EXERCISE:
What you return should be the lines from the one with "Tower Helm Seating" through the one with "PRODUCES A CAPITALIST BUDGET" in the data below, reproduced exactly with both ends, and no pictures at all.
* * *
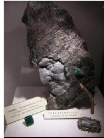
Face in stone ...
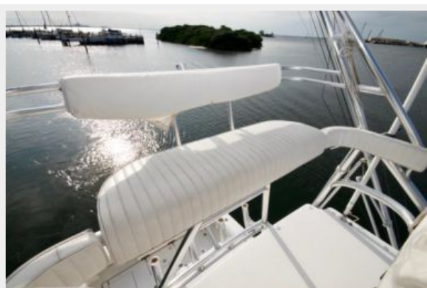
Tower Helm Seating
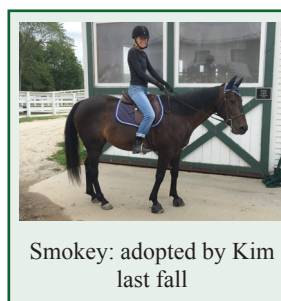
Smokey: adopted by Kim last fall
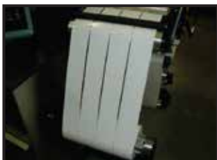
Spread-Roller for Separating Finished Rolls at Rewind
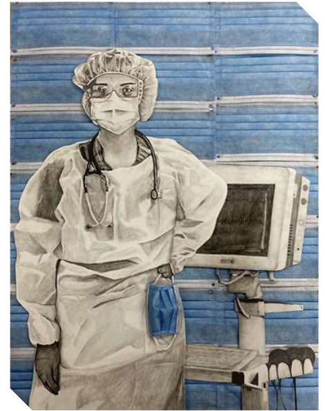
Last Line by Clare Knox

In addition to the shows named above, FHS artists also had work displayed at the Museum of Contemporary Art Detroit (MOCAD); MAEA - Region 6 Show; MAEA - Top 100 Show; Governor's Traveling Show;
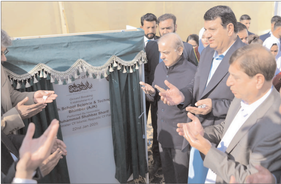
BHIMBER: Prime Minister Shehbaz Sharif lays foundation stone of Danish School.
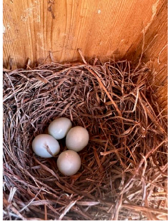
Nest Box with 4 Eastern Bluebird Eggs
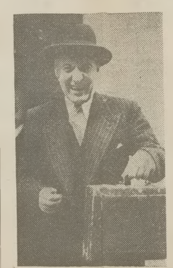
PRODUCES A CAPITALIST BUDGET

of the City and the Stock Market. On April 15th, the Financial Times
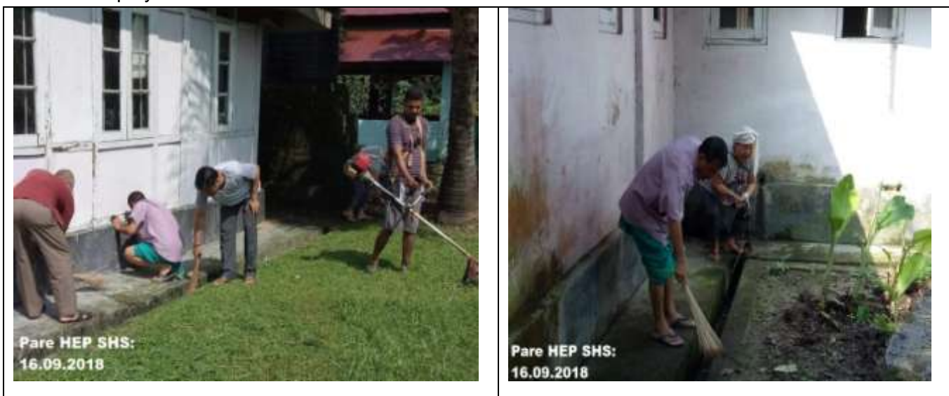
Pare HE Project, Arunachal Pradesh

Similarly at Pare HE Project, Arunachal Pradesh, cleaning was undertaken in and around NEEPCO KG School by employees, school authorities and family members of employees on 16.09.2018 which was followed by a mass social service/cleaning drive of office complex and colony by the employees and their families on 20.09.2018 and 21.09.2018. A total of almost 100 employees and family members in involved in the activity. Similar activity was undertaken at Colony Complex by the 100 employees on 24.09.2018.
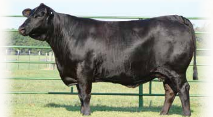
Great maternal granddam of Lots 64 & 65 MC MS QUIET LADY 000S50

000J3 writes 11 EPD and indexes in the top 30% including a top 10% Milk making her very much a donor candidate
* * *
EXPECTED ANSWER:
Tower Helm Seating
Smokey: adopted by Kim last fall
Spread-Roller for Separating Finished Rolls at Rewind
Last Line by Clare Knox

In addition to the shows named above, FHS artists also had work displayed at the Museum of Contemporary Art Detroit (MOCAD); MAEA - Region 6 Show; MAEA - Top 100 Show; Governor's Traveling Show;
BHIMBER: Prime Minister Shehbaz Sharif lays foundation stone of Danish School.
Nest Box with 4 Eastern Bluebird Eggs
PRODUCES A CAPITALIST BUDGET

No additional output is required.